Facing an increasing need for solitude, respite, etc, I’ve spent a little time lately looking for an apartment of my own. We pay such regal sums at our current place, I figured I’d be able to find something decent without any significant change in the monthly rent rape. But as it turns out, the entire Boston housing market is like some kind of death-desperate vampirish lech clamping down hard on your neck and draining you dry.

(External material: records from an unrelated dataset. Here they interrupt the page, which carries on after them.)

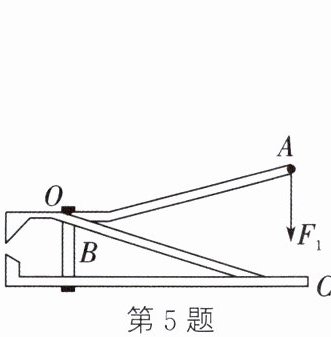 5. 如图是指甲剪的示意图。请在图中画出杠杆$ABO以O点为支点时动力F_{1}的力臂l_{1}和阻力F_{2}$。
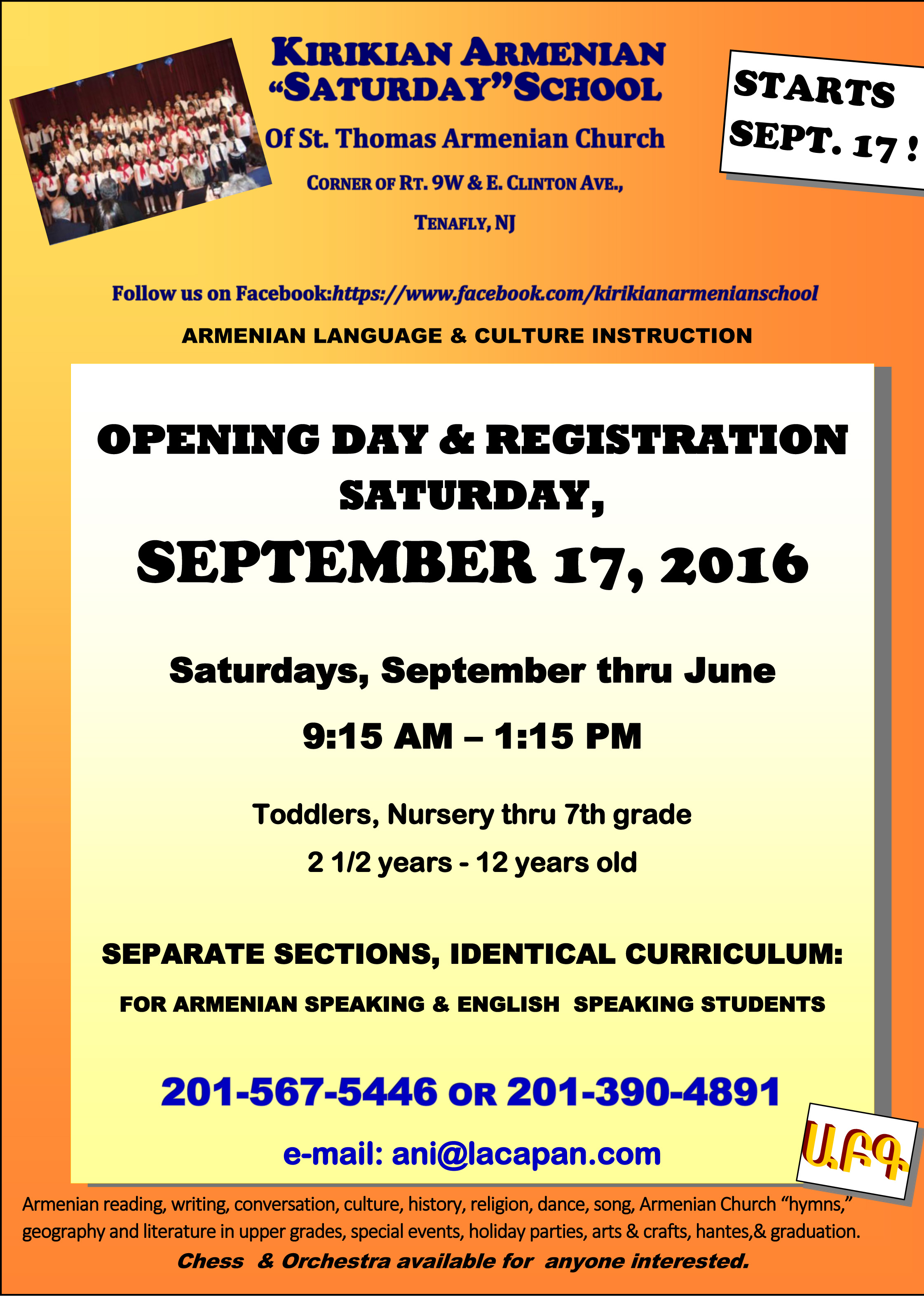 Alternate contact: Mrs. Madlen Setian (845) 425-8683 or e-mail here.
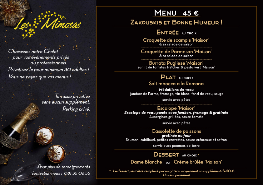 © 2023 Les Mimosas - info@restaurant-mimosas.be - +32 (0)81 35 06 55 - Grand-Route 5, 5380 Hingeon (Fernelmont) - BE0767780833 | Mise à jour Mister IT
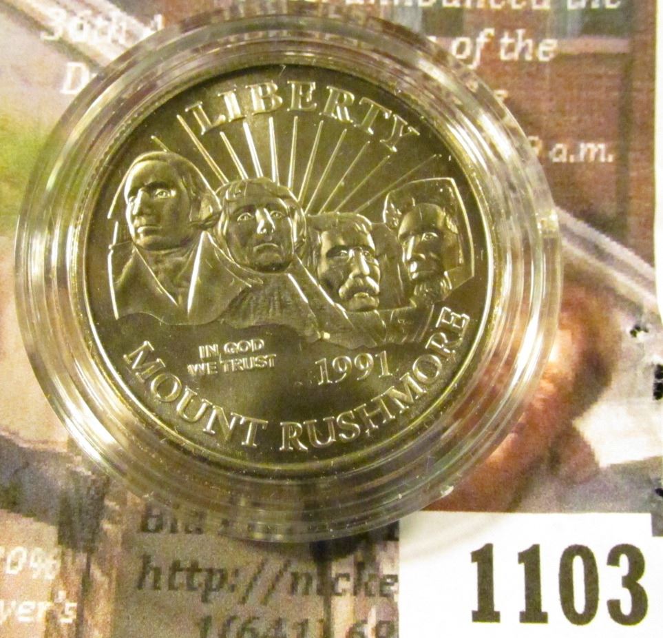 1103 . 1991-D Mount Rushmore Commemorative Half Dollar, BU in Mint
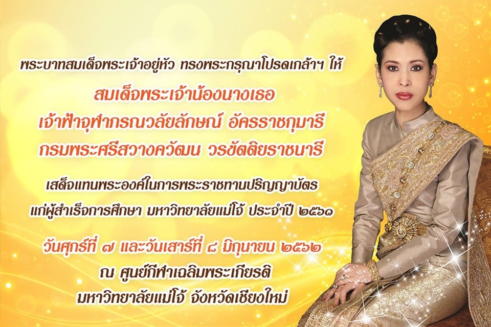 สมเด็จพระเจ้าอยู่หัวทรงพระกรุณาโปรดเกล้าฯ ให้สมเด็จพระเจ้าน้องนางเธอ เจ้าฟ้าจุฬาภรณวลัยลักษณ์ อัครราชกุมารี กรมพระศรีสวางควัฒนวรขัตติยราชนารี เสด็จแทนพระองค์ในการพระราชทานปริญญาบัตรแก่ผู้สำเร็จการศึกษามหาวิทยาลัยแม่โจ้ครั้งที่ 41 ประจำปีการศึกษา ๒๕60-๒๕61ณ มหาวิทยาลัยแม่โจ้ อำเภอสันทราย จังหวัดเชียงใหม่ ในวันศุกร์ที่ 7 และวันเสาร์ที่ 8 มิถุนายน๒๕๖2 ซึ่งในปีนี้มีบัณฑิต มหาบัณฑิต และดุษฎีบัณฑิต เข้ารับพระราชทานปริญญาบัตร จำนวน ๓,๘๔๑ ราย แยกเป็น ระดับบัณฑิตศึกษา (ป.โท-ป.เอก) จำนวน 13๘ราย และระดับบัณฑิต (ป.ตรี) จำนวน 3,703 ราย
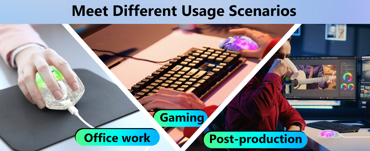 गेमिंग से परे, माउस कार्यालय वातावरण में अच्छा प्रदर्शन करता है, दस्तावेज़ संपादन, ब्राउज़िंग और डेटा प्रबंधन जैसे कार्यों का समर्थन करता है।
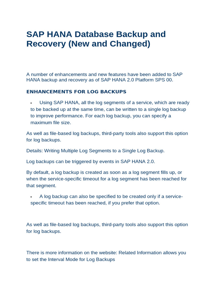 SAP HANA 2.0 SPS 00 What's New Database Backup an... SAP Community

I recently discovered that the four-unit building I currently call home, for which our landlord pulls in, collectively for all units, somewhere in the neighborhood of $15,000 a month in hard-earned tenant rent, has an on-the-books appraised value of only $600,000. This is absolutely fucking insane: I’ve seen single unit condos go for more than that next door. So our landlord pays taxes on a quarter of the total sellable building value — on a bad day. He probably covers his entire annual cost of property tax and maintenance fees in a couple months of tenant rent, a position incrementally improved for him by a near-total negligence toward basic building maintenance issues like, you know, heat.
And there’s something about the whole sick, sad affair that seems to me sexually perverse. I picture this big dirty den, the weekly meeting place of the Secret Society of Boston Landlords, where under the cover of darkness they gather to beat off to the current and rising rent rates. It’s a circle jerk of financial perversity — the one place in the city where supply meets demand — and when they’re done, spent and empty, a cadre of defaulting tenants is sent in to mop the spooge off the floor and drain it into gilded buckets of feudal excess.
Well fuck them. It’s time to find another way. I’m cutting out of the whole cruel game. Let someone else be a tenant for a while. I’m done.
I may be a little behind the curve, but I’m catching on.